• TASK DESCRIPTION
Your answer must hold only the lines below from the line containing "Pentagram Sterling Silver" through the line containing "دخل على ابن", each reproduced exactly.

• MATERIAL FOR THIS TASK
== Segment start ==

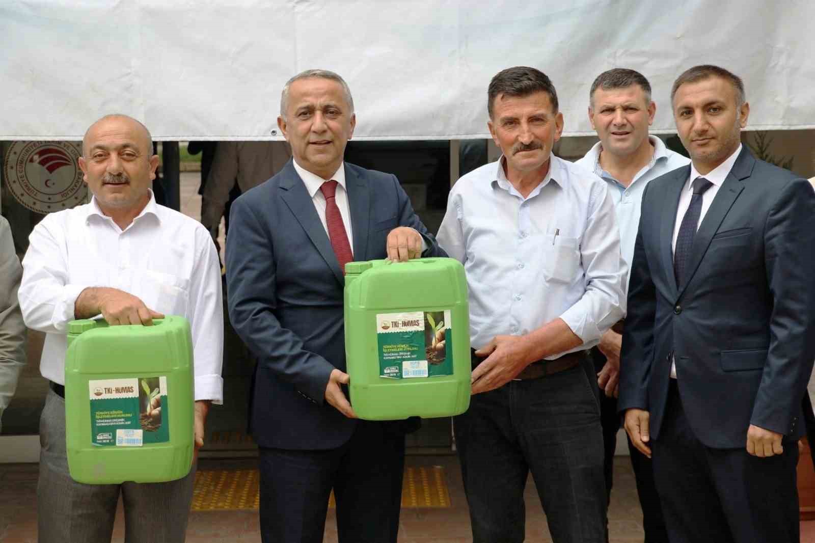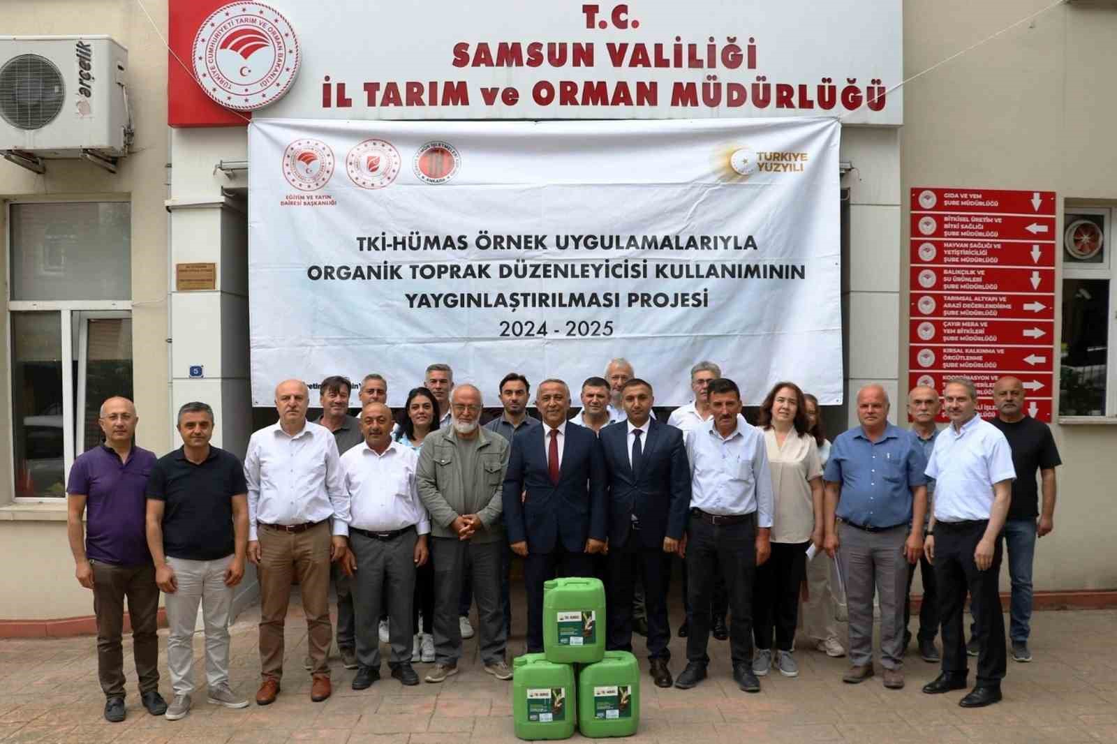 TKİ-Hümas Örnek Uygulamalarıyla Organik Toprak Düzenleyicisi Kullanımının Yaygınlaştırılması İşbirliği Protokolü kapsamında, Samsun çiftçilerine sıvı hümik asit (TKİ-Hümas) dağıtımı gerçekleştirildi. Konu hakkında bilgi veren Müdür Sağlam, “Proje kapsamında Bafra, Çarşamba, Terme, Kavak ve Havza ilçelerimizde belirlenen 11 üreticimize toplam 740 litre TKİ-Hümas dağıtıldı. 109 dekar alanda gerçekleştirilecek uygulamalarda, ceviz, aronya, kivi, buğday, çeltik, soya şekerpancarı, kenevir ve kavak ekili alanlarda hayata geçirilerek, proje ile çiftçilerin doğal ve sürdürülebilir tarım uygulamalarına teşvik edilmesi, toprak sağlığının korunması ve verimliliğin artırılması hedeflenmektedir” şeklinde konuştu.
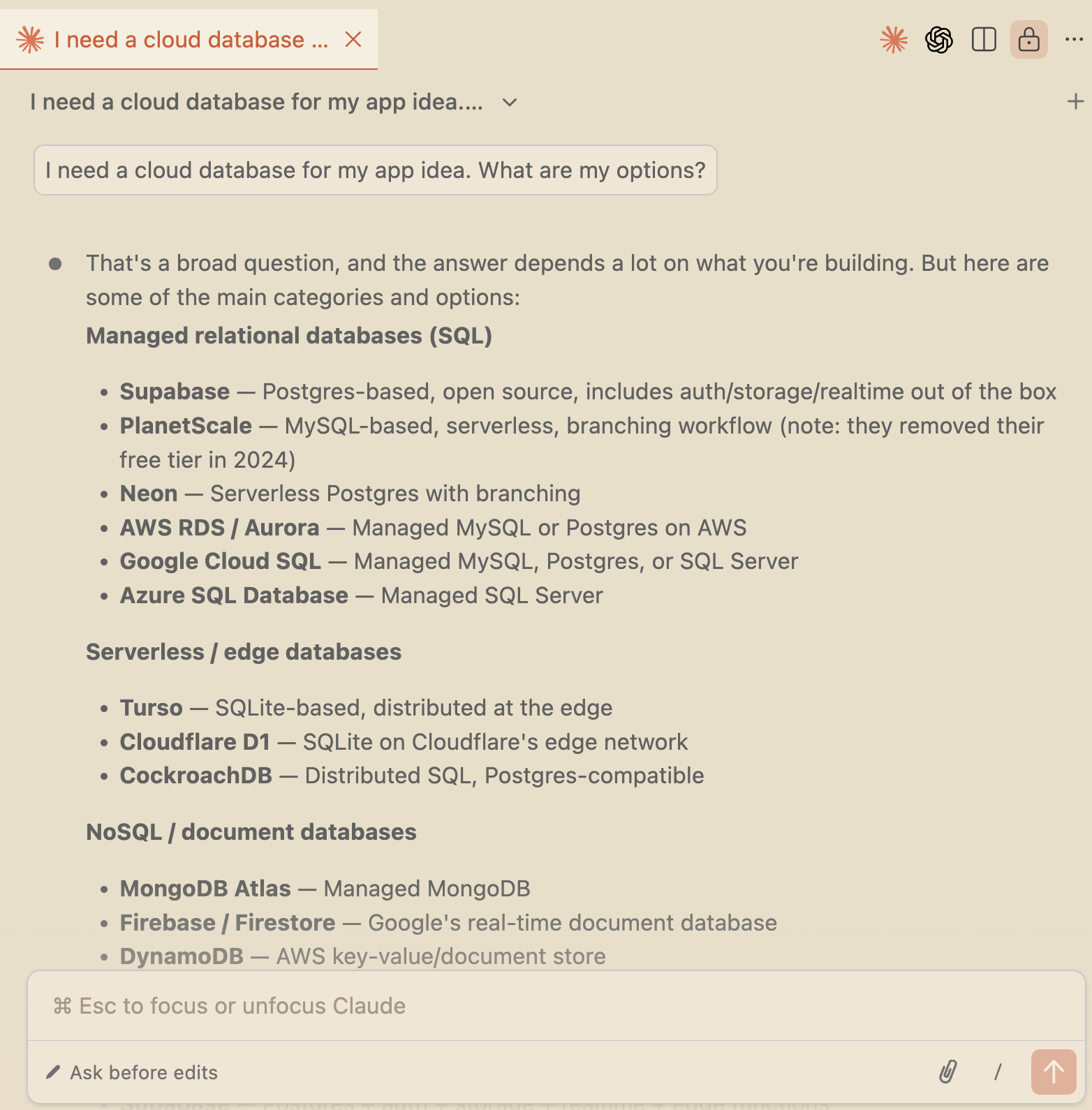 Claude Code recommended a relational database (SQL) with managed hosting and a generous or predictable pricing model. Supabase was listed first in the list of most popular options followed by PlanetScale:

== Segment end ==
== Segment start ==

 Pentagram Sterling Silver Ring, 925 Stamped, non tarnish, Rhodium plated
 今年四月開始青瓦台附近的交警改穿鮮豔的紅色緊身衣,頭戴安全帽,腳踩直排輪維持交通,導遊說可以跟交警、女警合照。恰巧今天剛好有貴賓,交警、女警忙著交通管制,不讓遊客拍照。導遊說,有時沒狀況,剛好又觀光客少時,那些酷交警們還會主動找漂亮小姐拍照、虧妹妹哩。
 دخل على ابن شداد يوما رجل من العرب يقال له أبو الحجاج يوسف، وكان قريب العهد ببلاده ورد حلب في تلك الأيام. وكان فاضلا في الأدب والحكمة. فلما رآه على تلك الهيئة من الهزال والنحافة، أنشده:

== Segment end ==

• RESPONSE AREA
 Pentagram Sterling Silver Ring, 925 Stamped, non tarnish, Rhodium plated
 今年四月開始青瓦台附近的交警改穿鮮豔的紅色緊身衣,頭戴安全帽,腳踩直排輪維持交通,導遊說可以跟交警、女警合照。恰巧今天剛好有貴賓,交警、女警忙著交通管制,不讓遊客拍照。導遊說,有時沒狀況,剛好又觀光客少時,那些酷交警們還會主動找漂亮小姐拍照、虧妹妹哩。
 دخل على ابن شداد يوما رجل من العرب يقال له أبو الحجاج يوسف، وكان قريب العهد ببلاده ورد حلب في تلك الأيام. وكان فاضلا في الأدب والحكمة. فلما رآه على تلك الهيئة من الهزال والنحافة، أنشده:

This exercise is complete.